Navigation

There are two navigation problems.

Directed pair-wise Navigation

The classical navigation problem is that of the directed pair-wise navigation. The longitude and latitude of each of two points is given; solve the triangle, including its altitude. This is an SAS problem, with the angle at the North pole.

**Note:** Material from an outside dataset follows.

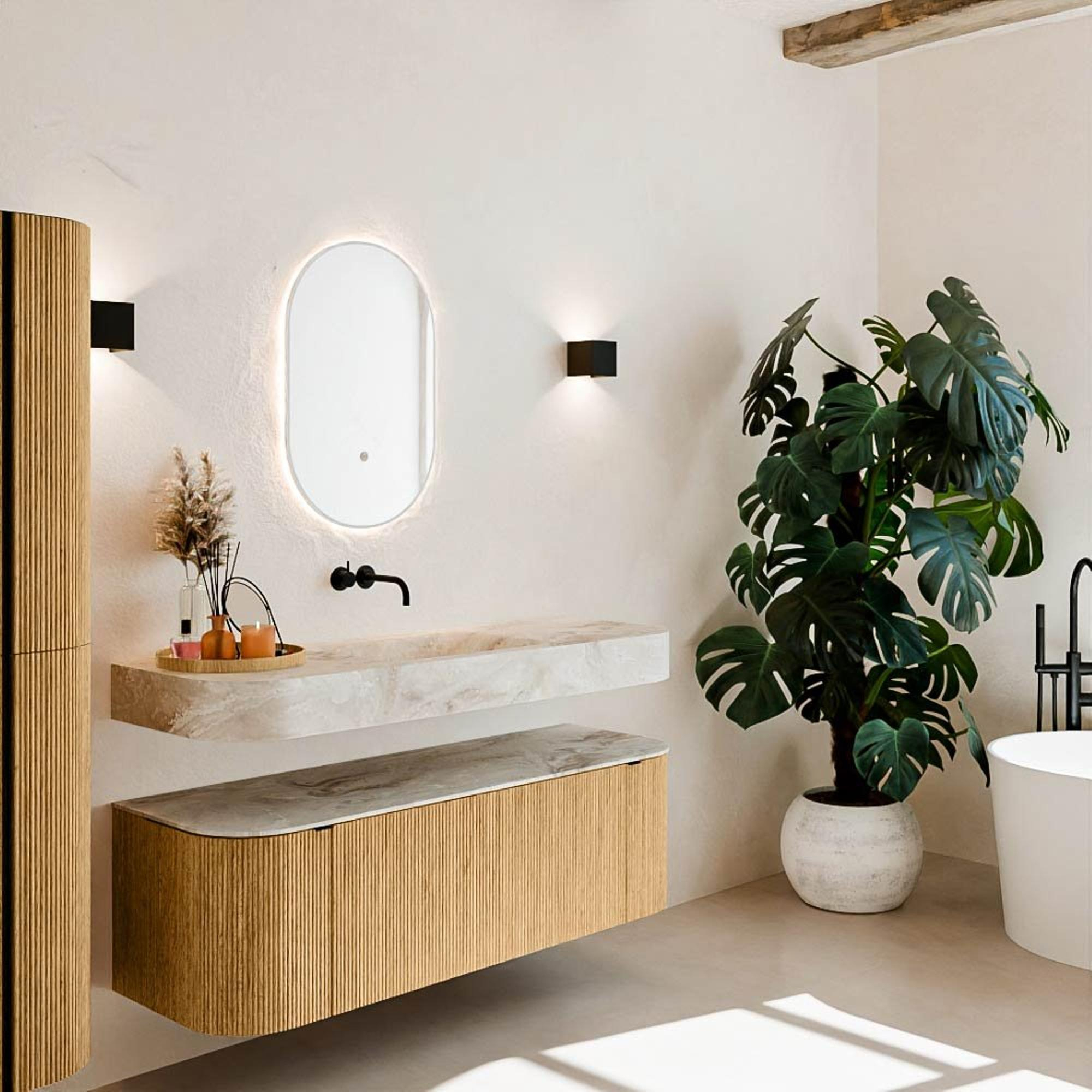 Matériaux naturels dans des tons chauds. Les nervures verticales apportent rythme et texture au design, tandis que le chêne confère une apparence chaleureuse et artisanale. Choisissez parmi 5 teintes de bois OAK, WALNUT, DUSK, SHADOW et RUBY, des couleurs de bois soigneusement sélectionnées pour enrichir les salles de bains modernes et classiques.

Consider the triangle with the vertex A at the North pole, the vertex B at our present location, and the vertex C at the destination. Then the side c is the co latitude of our present position; while the side b is the co-latitude of the destination. The side a is the distance between our present position and the destination. The angle A is the difference of the longitudes; i.e., the longitude of the destination less the longitude of our present position. Finally, drop the altitude h -- it is the co-latitude of the northernmost point of the journey -- from the vertex A. It partitions the angle A into A1 and A2 and the side a into a1 and a2, with the one being at the present position and two being at the destination.

Employ the spherical Law of Haversines to find the distance a between our present position and the destination

a = 2 Asin(sqrt((sin((c - b) /2 ))^2 + sin(c) sin(b) (sin(A / 2))^2) * sign(A))

(In passing, we note that the relative error of the Law of Haversines is negligible. Had be employed the Law of Cosines; the magnitude of the relative error would increase as the angle a approaches zero. For instance, at a distance on the surface of the Earth of 38 cm the relative error of the Law of Cosines -- computed in an Excel spreadsheet -- is -0.85%. At 12 cm; it is -16%.)

The resulting expression is symmetric in b and c, as it should be. Employ the spherical Law of Sines to find the bearing B from our present position and the bearing C whence we arrive at our destination

B = Asin(sin(b) sin(A) / sin(a))

C = Asin(sin(c) sin(A) / sin(a))

The altitude, by definition, is perpendicular to the base of the triangle. Employ the spherical Law of Sines to find the altitude h. Then, substitute the angle B from the foregoing

h = Asin(sin(B) sin(c) / sin(pi / 2)) = Asin(sin(b) sin(c) sin(A) / sin(a))

The resulting expression is symmetric in b and c, as it should be. Now, we have a right triangle, with the hypotenuse c, one side h, and the angle opposite B known. Employ the spherical Mollweide's Formulae. But, we have to replace the symbols; because, the Mollweide's Formulae are listed with the angle A as the right angle. The replacement is a --> c, b --> a1, c --> h, B --> A1, and C --> C.

#3. cos(a) = cos(b) cos(c) --> cos(c) = cos(a1) cos(h) yields a1 = Acos(cos(c) / cos(h)) * sign(A)

#2b. cos(C) = cos(c) sin(B) --> cos(C) = cos(h) sin(A1) yields A1 = Asin(cos(C) / cos(h))

Likewise

a2 = Acos(cos(b) / cos(h) * sign(A)

A2 = Asin(cos(B) / cos(h))

In the isosceles special case; that is, if the latitudes of the original position and the destination are the same, the foregoing haversine equation for the distance between the two positions simplifies to

a = 2 Asin(sin(c) sin(A / 2)) when b = c

The rest of the algorithm remains substantially unaltered.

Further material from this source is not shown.